◆ **Goal of the exercise**:
Print this span of the material below exactly: the line with "A high-performance, solvent-based", the line with "Cut small squares", and every line between them, but nothing else.

◆ **Excerpted records**:
——

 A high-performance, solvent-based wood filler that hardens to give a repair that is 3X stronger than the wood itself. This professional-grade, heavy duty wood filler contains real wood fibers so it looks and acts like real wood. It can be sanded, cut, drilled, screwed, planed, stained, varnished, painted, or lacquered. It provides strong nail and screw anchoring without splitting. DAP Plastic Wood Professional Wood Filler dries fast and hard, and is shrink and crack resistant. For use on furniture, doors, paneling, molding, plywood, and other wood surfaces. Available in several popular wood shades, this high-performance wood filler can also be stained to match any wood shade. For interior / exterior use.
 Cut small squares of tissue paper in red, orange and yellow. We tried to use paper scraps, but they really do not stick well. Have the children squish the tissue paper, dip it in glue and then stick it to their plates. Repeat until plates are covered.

——

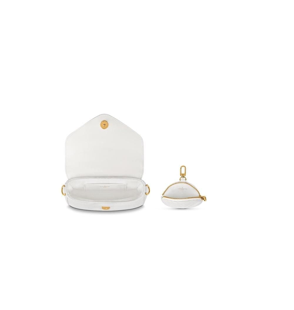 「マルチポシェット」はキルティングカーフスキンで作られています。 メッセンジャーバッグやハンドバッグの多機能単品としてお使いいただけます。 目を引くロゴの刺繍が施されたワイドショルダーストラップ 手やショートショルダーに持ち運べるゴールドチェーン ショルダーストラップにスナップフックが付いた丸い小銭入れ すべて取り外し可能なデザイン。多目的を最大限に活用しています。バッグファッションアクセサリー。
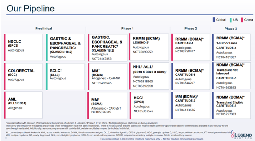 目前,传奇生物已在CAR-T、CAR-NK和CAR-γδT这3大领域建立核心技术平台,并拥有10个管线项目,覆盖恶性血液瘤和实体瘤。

——

◆ **Response**:
 A high-performance, solvent-based wood filler that hardens to give a repair that is 3X stronger than the wood itself. This professional-grade, heavy duty wood filler contains real wood fibers so it looks and acts like real wood. It can be sanded, cut, drilled, screwed, planed, stained, varnished, painted, or lacquered. It provides strong nail and screw anchoring without splitting. DAP Plastic Wood Professional Wood Filler dries fast and hard, and is shrink and crack resistant. For use on furniture, doors, paneling, molding, plywood, and other wood surfaces. Available in several popular wood shades, this high-performance wood filler can also be stained to match any wood shade. For interior / exterior use.
 Cut small squares of tissue paper in red, orange and yellow. We tried to use paper scraps, but they really do not stick well. Have the children squish the tissue paper, dip it in glue and then stick it to their plates. Repeat until plates are covered.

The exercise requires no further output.